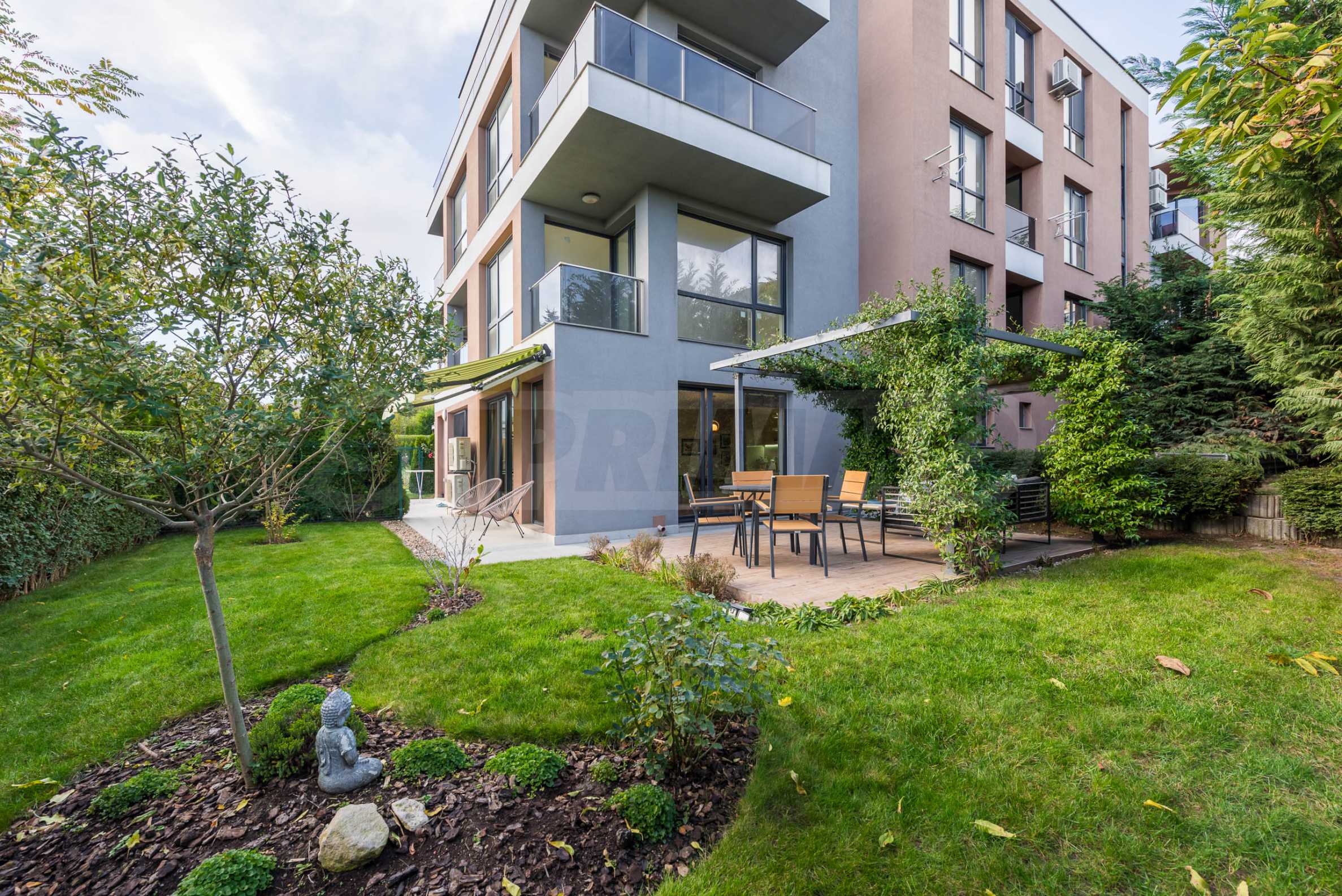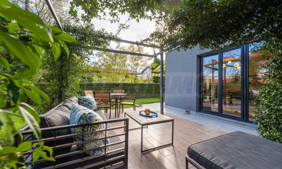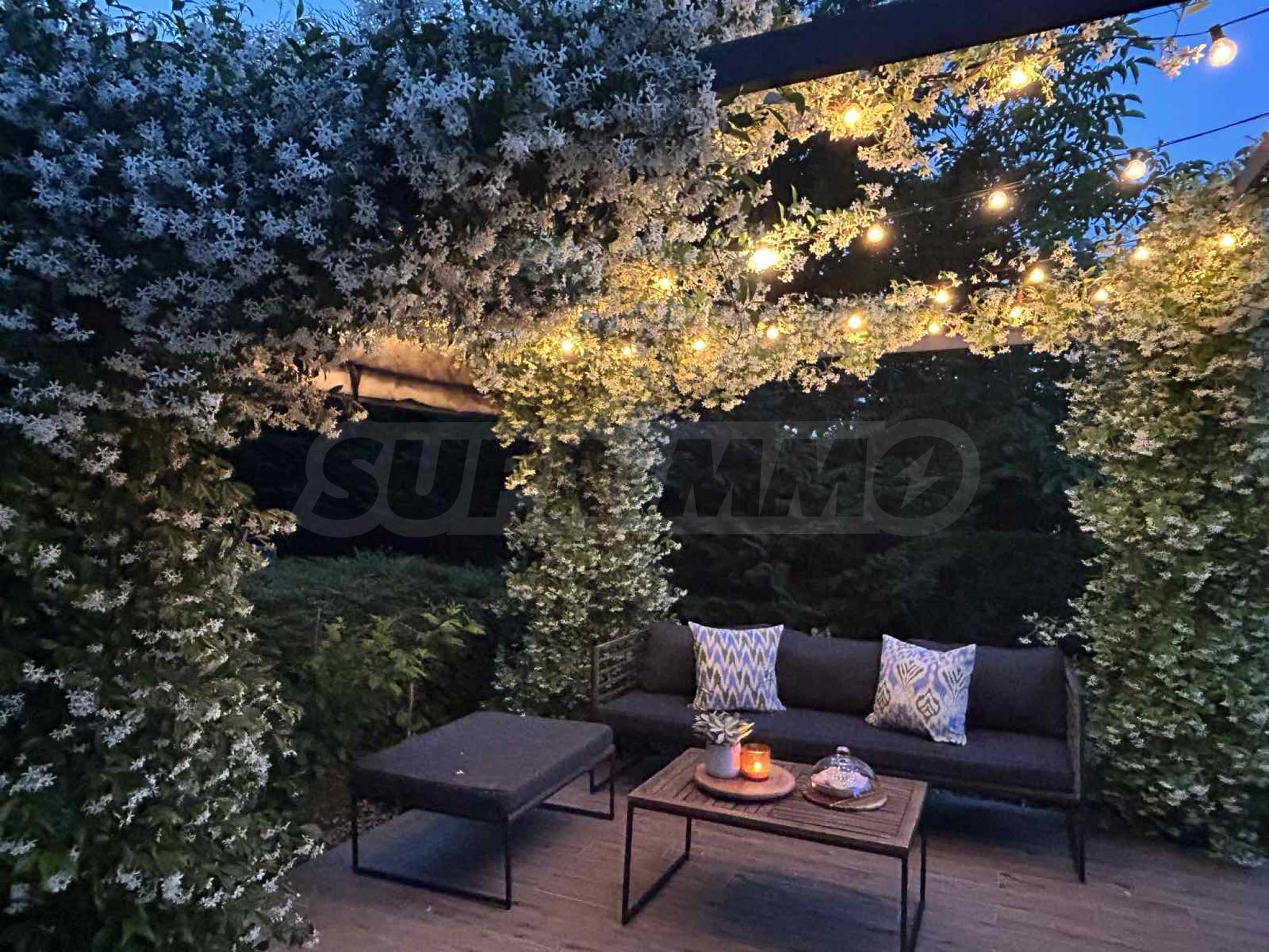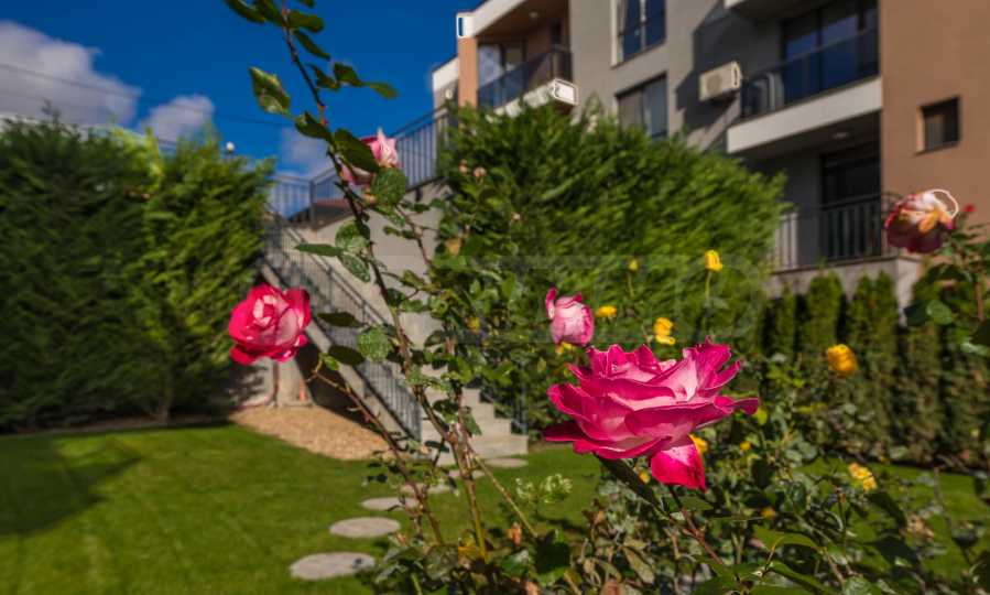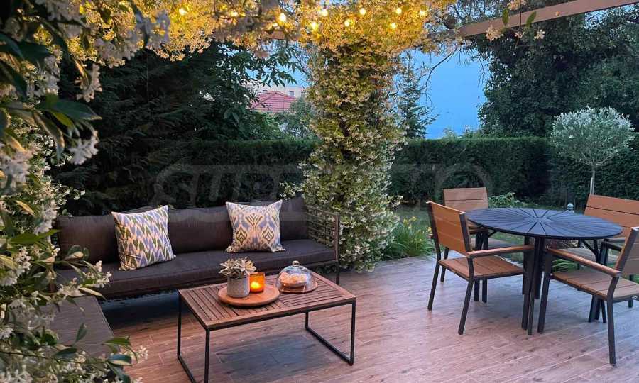Голямо предимство на имота е озелененият двор, който се ползва само от този апартамент. Там ще откриете беседка, обвита с жасмин, който ухае през цялото лято, както и маса за хранене и сутрешно кафе, от която може да се насладите на прекрасните изгреви съчетани с частична морска гледка.
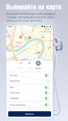 • Настроить карту для отображения станций, подходящих для вашего электромобиля.
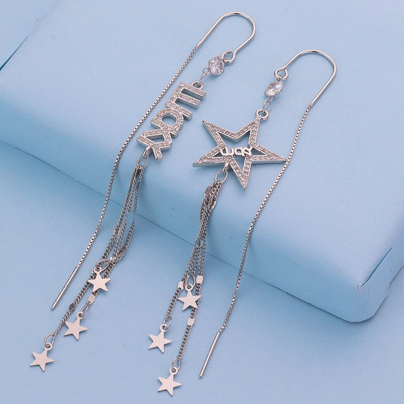 Sterling Silver Star LUCKY Tassel Threader Earrings

__________

### Exercise objective:
Take the whole listing above and copy it exactly. Pictures do not go into the copy.

### Response for this exercise:
Голямо предимство на имота е озелененият двор, който се ползва само от този апартамент. Там ще откриете беседка, обвита с жасмин, който ухае през цялото лято, както и маса за хранене и сутрешно кафе, от която може да се насладите на прекрасните изгреви съчетани с частична морска гледка.
 • Настроить карту для отображения станций, подходящих для вашего электромобиля.
 Sterling Silver Star LUCKY Tassel Threader Earrings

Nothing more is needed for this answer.